Despite the economic challenges, Malta has continued to show its commitment to the iGaming sector. During the first half of 2019, the gaming sector in Malta continued to thrive and was the second largest contributor to the Maltese economy by increasing its operations by €75 Million.
Apart from being the first EU Member State to establish a stable and comprehensive regulatory framework on remote gaming, Malta has continued to show its commitment throughout the years by continuously issuing new guidelines and regulations to strengthen the market through the Malta Gaming Authority.
iGaming Tax in Malta
All gaming services are required to pay Gaming tax of 5% of their Gross Gaming Revenue generated where gaming services are offered to any player whom is physically present in Malta at the time when the gaming service is provided. Where the gaming service is offered solely by means of distance communications, determination of taxability is whether the player is established, has his or her permanent address and/or usually resides in Malta.
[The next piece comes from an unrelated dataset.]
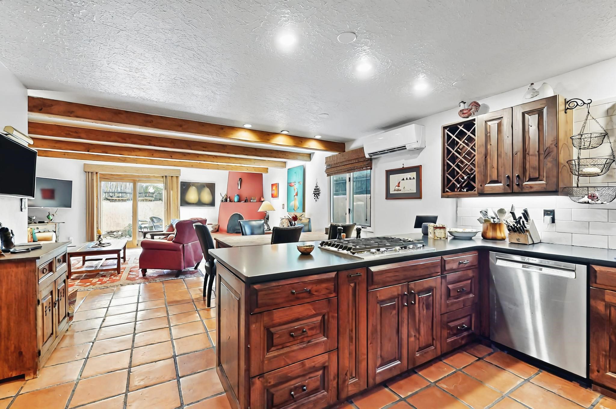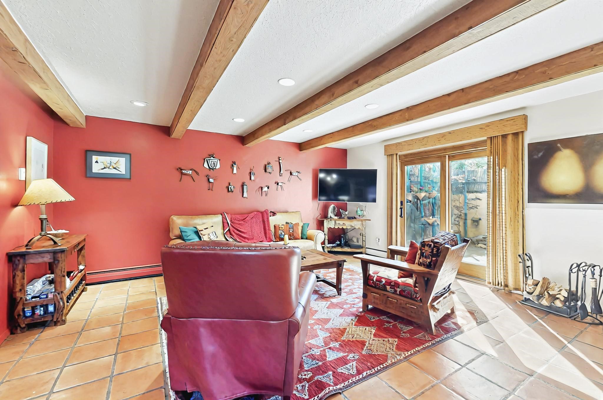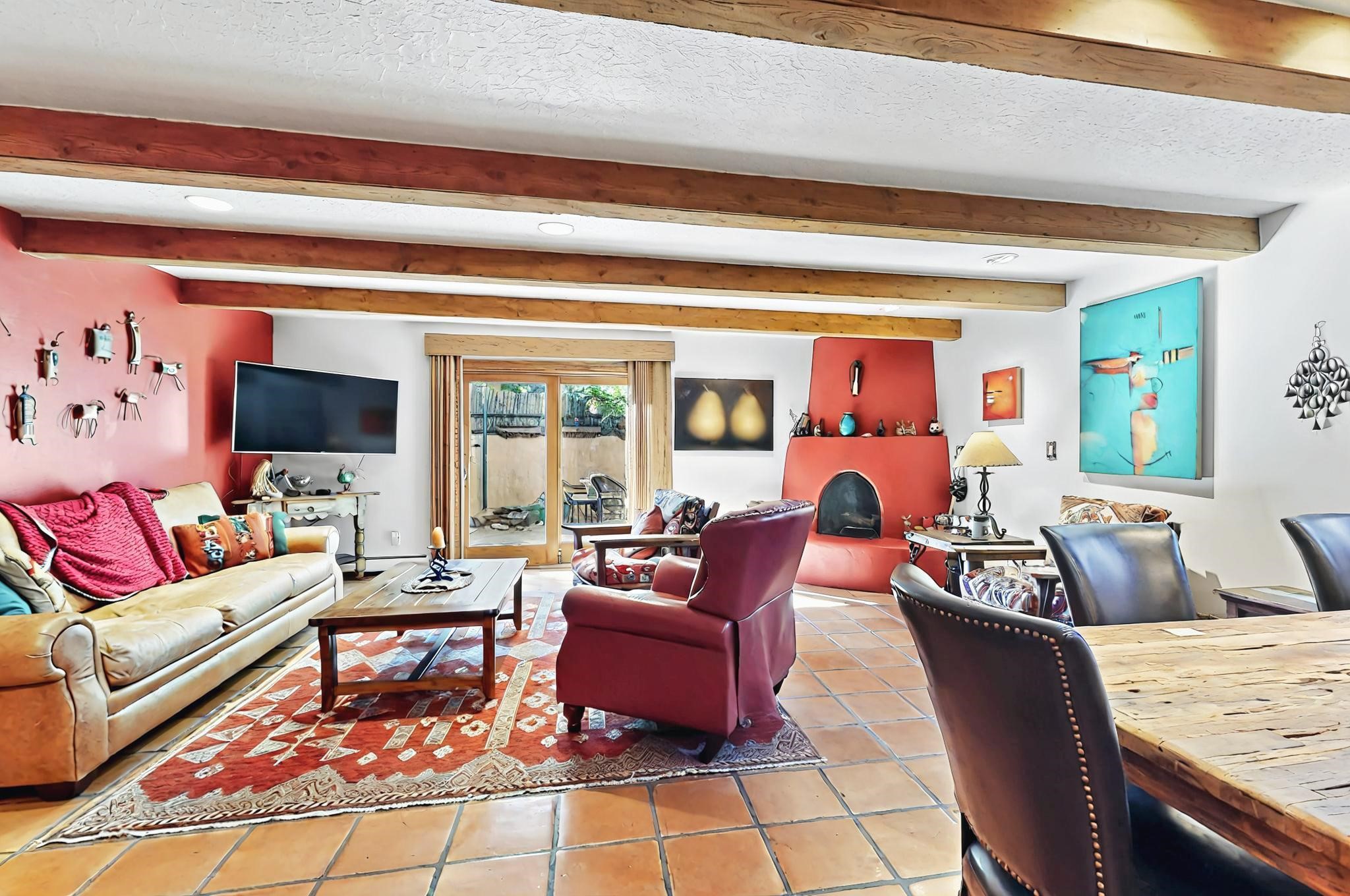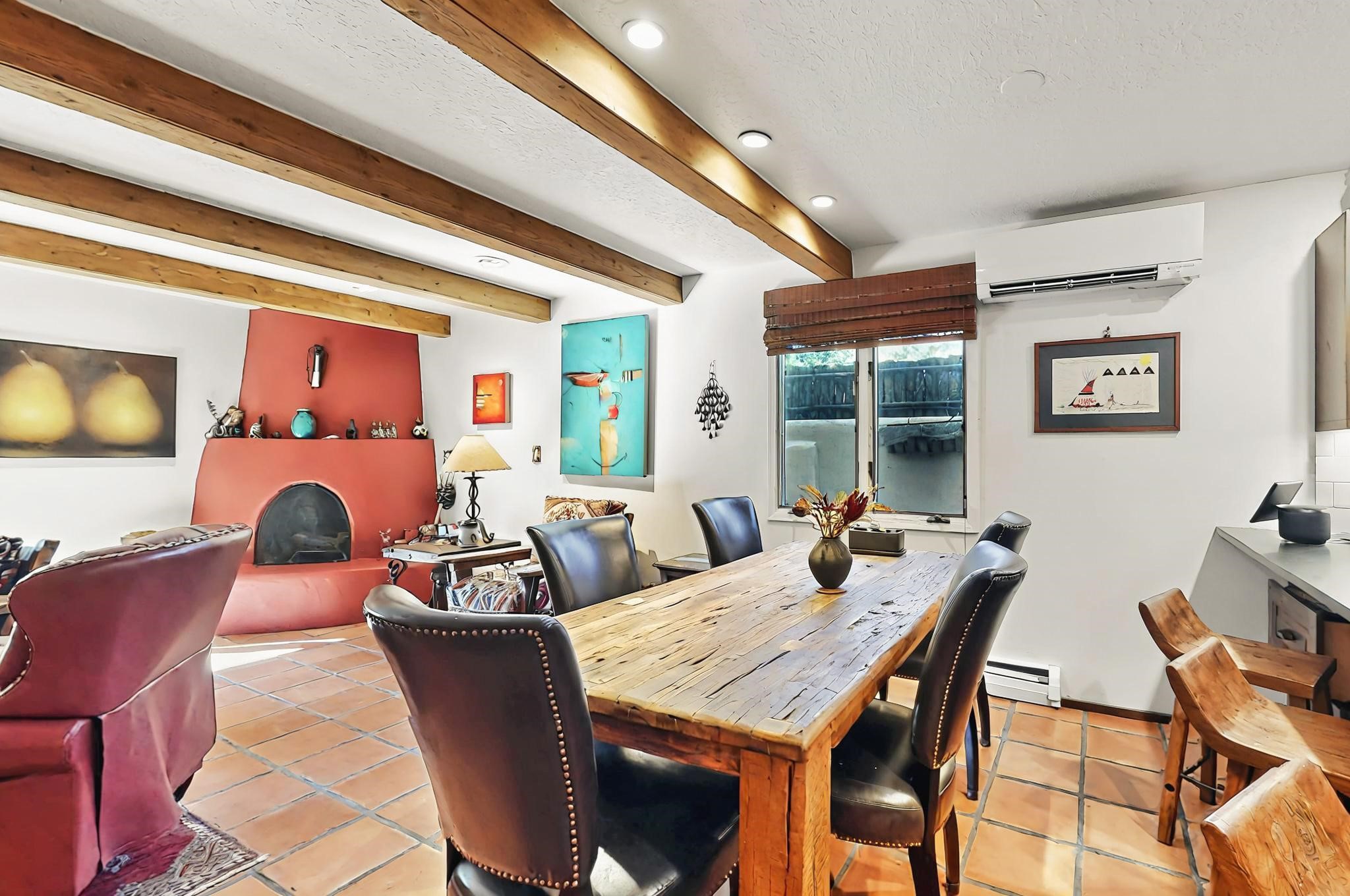 Stroll to the Plaza from this beautifully remodeled condo in a fabulous downtown location! This end unit is light and bright with plenty of windows. Close to the historic downtown area and right across from Fort Marcy Park, this lovely home has two generously sized bedrooms, both with walk-in closets. Downstairs has an open concept plan with a large kitchen, spacious living area with a corner Kiva, laundry room, and powder bath. Engineered wood floors throughout the home. No carpet. Mini-splits in the bedrooms and living area. Enjoy summer outdoor dining in the fabulous private courtyard, accessed through a new Andersen sliding glass door. Take a short walk to shopping and fine dining. A quick drive leads to some of the greatest hiking trails around. Whether looking for a vacation property or a place to call home, this could be the perfect spot.

Where the gaming service is provided by a corporate group holding a licence in terms of Gaming Authorisation Regulations, the entire corporate group shall be subject to the tax.
Operators of B2C businesses are also required to adhere to a fixed licence fee as well as a compliance contribution based on game type and annual revenue, whilst B2B operators are exempt from iGaming tax and only required to pay a fixed licence fee, which is dependent on the revenue generated.
Prior to the issuance of the MGA gaming licence, a person or an entity can apply to be considered as a start-up in the eyes of the MGA should it fall under the criteria outlined by the authority. Approved Start-ups will benefit from a moratorium period of 12 months in which they are exempt from paying compliance contribution.